§ **Your assignment**
Print the listing below only from the line that has "Large crowds gather" through the line that has "Состав:не содержащее никель", exactly, and drop any picture.

── Provided data ──

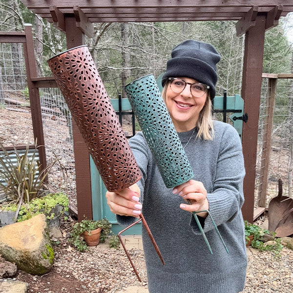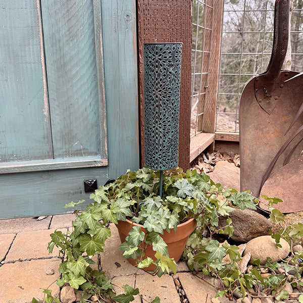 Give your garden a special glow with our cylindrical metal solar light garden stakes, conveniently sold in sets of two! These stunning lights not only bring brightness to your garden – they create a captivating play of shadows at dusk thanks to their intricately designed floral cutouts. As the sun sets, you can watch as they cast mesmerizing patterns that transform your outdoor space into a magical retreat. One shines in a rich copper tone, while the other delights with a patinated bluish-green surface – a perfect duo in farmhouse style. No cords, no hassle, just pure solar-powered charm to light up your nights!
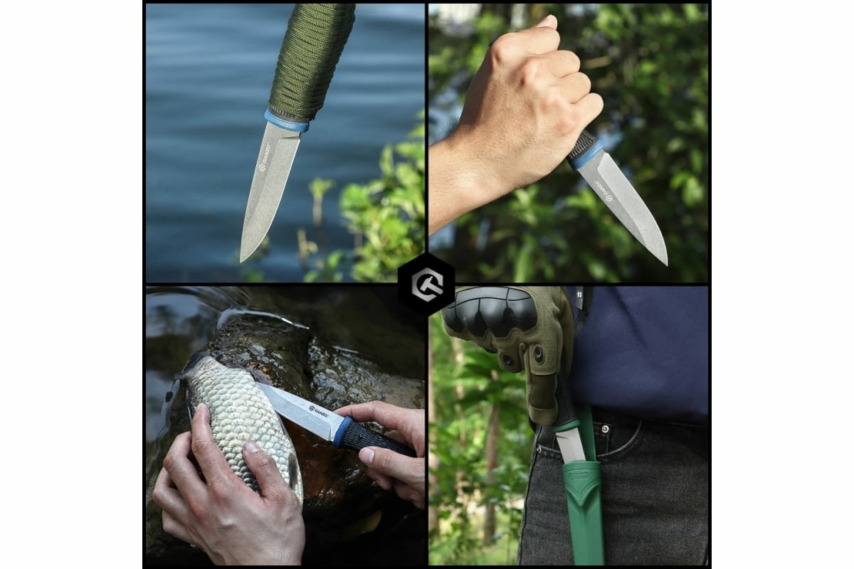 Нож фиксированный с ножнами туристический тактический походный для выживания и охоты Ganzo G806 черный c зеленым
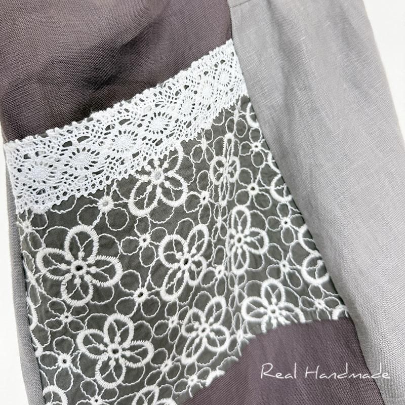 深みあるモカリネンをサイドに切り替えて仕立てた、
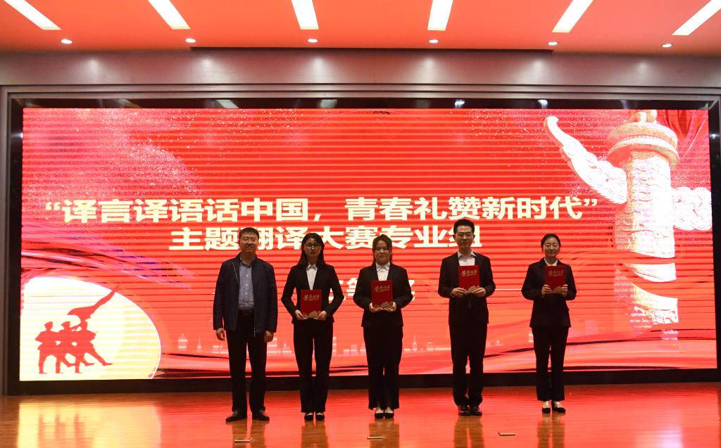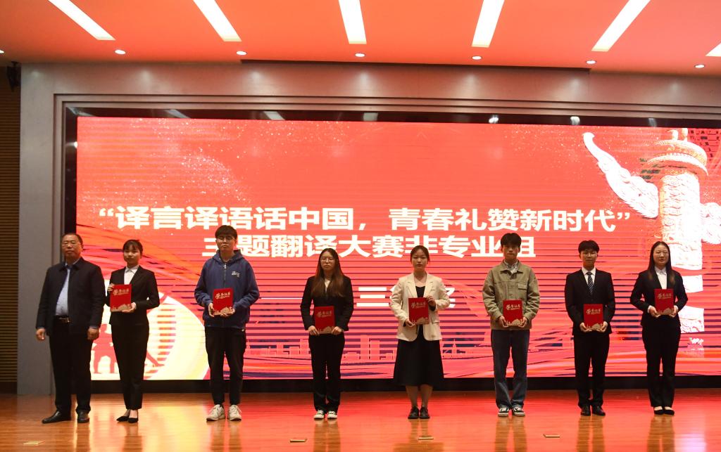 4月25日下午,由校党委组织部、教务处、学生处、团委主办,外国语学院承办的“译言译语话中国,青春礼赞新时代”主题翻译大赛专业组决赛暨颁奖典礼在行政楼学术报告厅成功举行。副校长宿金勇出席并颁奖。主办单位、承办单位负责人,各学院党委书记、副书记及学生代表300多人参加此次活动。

───
── Provided data ──

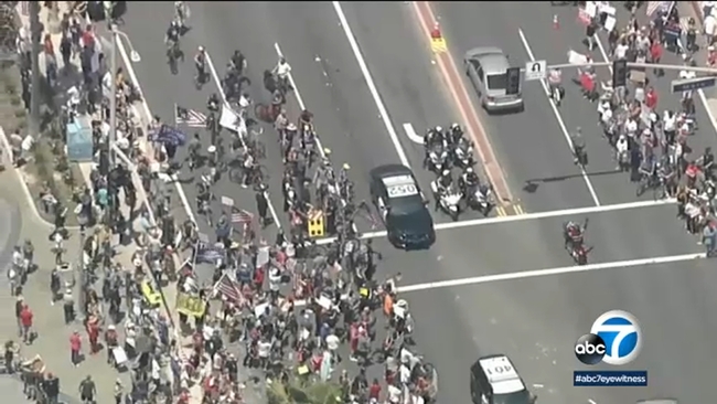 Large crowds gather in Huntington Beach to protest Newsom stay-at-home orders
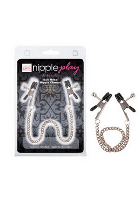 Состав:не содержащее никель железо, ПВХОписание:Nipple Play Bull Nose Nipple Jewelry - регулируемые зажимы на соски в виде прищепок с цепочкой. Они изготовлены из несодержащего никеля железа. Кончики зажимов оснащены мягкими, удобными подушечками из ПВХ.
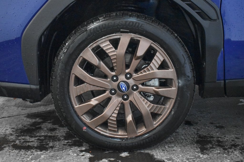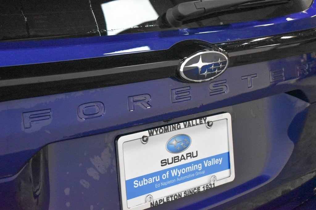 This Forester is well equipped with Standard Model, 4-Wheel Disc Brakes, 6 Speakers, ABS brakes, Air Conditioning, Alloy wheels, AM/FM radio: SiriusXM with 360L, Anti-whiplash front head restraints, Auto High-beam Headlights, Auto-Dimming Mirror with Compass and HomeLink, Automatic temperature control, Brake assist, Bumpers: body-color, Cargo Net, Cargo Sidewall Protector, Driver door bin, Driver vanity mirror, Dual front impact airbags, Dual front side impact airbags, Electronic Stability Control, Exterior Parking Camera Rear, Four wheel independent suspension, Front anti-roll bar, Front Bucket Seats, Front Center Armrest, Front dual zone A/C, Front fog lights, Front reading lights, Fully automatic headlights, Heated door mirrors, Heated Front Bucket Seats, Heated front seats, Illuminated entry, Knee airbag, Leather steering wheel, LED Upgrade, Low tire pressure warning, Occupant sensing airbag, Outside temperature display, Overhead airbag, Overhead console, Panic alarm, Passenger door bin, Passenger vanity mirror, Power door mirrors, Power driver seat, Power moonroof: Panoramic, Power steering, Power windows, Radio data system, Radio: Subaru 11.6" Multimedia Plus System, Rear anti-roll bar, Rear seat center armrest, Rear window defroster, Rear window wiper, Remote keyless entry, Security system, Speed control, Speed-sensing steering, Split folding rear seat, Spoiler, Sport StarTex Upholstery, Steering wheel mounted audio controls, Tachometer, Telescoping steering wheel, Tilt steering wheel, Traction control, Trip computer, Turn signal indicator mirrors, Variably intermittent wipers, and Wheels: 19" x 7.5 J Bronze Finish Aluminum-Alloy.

───

§ **Task result**
 Large crowds gather in Huntington Beach to protest Newsom stay-at-home orders
 Состав:не содержащее никель железо, ПВХОписание:Nipple Play Bull Nose Nipple Jewelry - регулируемые зажимы на соски в виде прищепок с цепочкой. Они изготовлены из несодержащего никеля железа. Кончики зажимов оснащены мягкими, удобными подушечками из ПВХ.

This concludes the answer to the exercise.